After that the weekend did not go well. My mother swung between being rude, confrontational and non-communicative. My father backed her up (they always backed each other up, a habit among the long-married) and never hinted she might be drinking a bit on the sly. My sister turned overly polite, but it was a grim and accusatory politeness and she wasn't nice about it. Nobody mentioned that shirt to me the whole weekend. They took it out on the curly haired woman of my dreams instead. Perhaps they blamed her for turning me into the anti-Boy Scout (she didn't). Perhaps they blamed her for the fact that they finally saw me for what I had grown up to be. But that shirt was so powerful it even made my mother believe the woman of my dreams' naturally curly hair was really unnaturally curly (something she pointed out to me with a purse-lipped puff of distinctly southern thoroughgoing womanly disdain that Yankee women cannot even approximate much less fathom; in fact, my mother took advantage of my love's Yankee-ness; the South is a game with more rules than any Yankee girl can ever learn -- and my curly haired love didn't even know she was playing). The hair in question was and is naturally curly, of course, and I have never yet figured out where my mother's accusation came from or why it was so important.

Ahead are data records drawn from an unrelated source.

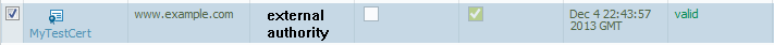 Click OK. The certificate now appears valid and the key checkbox is selected. (CA checkbox will remain empty as it is not valid for this example.)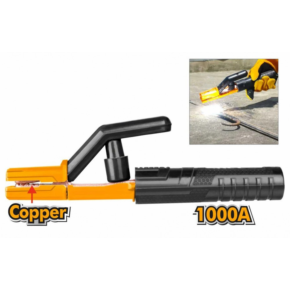 Держатель электродов 1000А INGCO WAH10008 INDUSTRIAL предназначен для надежной фиксации и удержания электрода и подвода к нему тока во время сварочных работ методом MMA.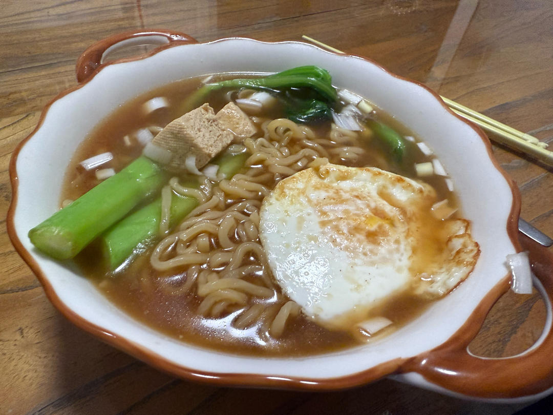 炝锅面条里面煮点豆腐,在煎个鸡蛋,营养美味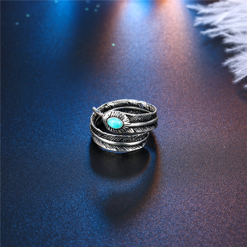 Material: titanium steel Style: Europe and AmericaModeling: leaves, leaves, feathersProcessing technology: Inlaid silverApplicable gift-giving occasions: travel memorialStyle: Men'sMosaic material: not inlaidSeries: RingImage: Indians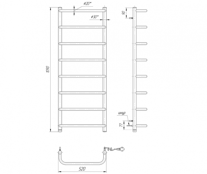 → Полотенцесушитель электрический Марио Стандарт HP-І 1090 4820111353781G золото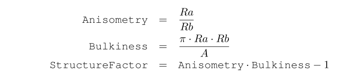 描述: 算子计算给定区域的三种形状特征:等距、粗大和结构因子,具体计算公式如下:
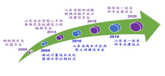 测控技术与仪器专业创建于2000年。2004年获批测试计量技术及仪器二级学科硕士点,2010年获批仪器仪表工程专业学位硕士点,2011年获批仪器科学与技术一级学科硕士点。2012年被评为山东省首批“本科特色(品牌)专业”;2013年被确定为山东省特色名校建设工程辐射专业;2016年获批山东省高水平应用型立项建设支撑专业;2017年与山东新华医疗器械股份有限公司共建测控技术与仪器新工科创新实验班;2019年本专业被评为山东省一流本科专业建设点;2020年获批国家级一流本科专业建设点。

My only guess is that my mother thought I was being deceived by unnaturally curly hair and if I would fall for that, no telling how this woman was deceiving me otherwise and what sort of ruin I was in for. It was a sort of fake curls = real danger equation that I never figured out (my mother had an irrational and unexplained hatred of country singer Loretta Lynn that I never understood either), but that I have sometimes witnessed in bars. And it could be that my mother's secret relationship with the beer in my brother-in-law's well-stocked refrigerator for several days contributed to the problem. The problem of the offending shirt came up much later, years later, when they all thought everything had been forgiven and forgotten. It never really was. I am not much of a forgiver or forgetter. I never laughed about it and none of them came to my wedding to the curly haired woman of my dreams. I considered it a fair trade.
Gov. Rick Perry is a 58-year-old Boy Scout. A grownup Boy Scout is a frightening thing. A boy is a terrible thing to waste.
The Boy Scout monument in Washington, D.C. What were they thinking? The Boy Scouts say. "Be prepared." Good advice. But Satchel Paige said: "Don't look back. Something may be gaining on you." Even better advice. What Texas Gov. Rick Perry says doesn't really matter.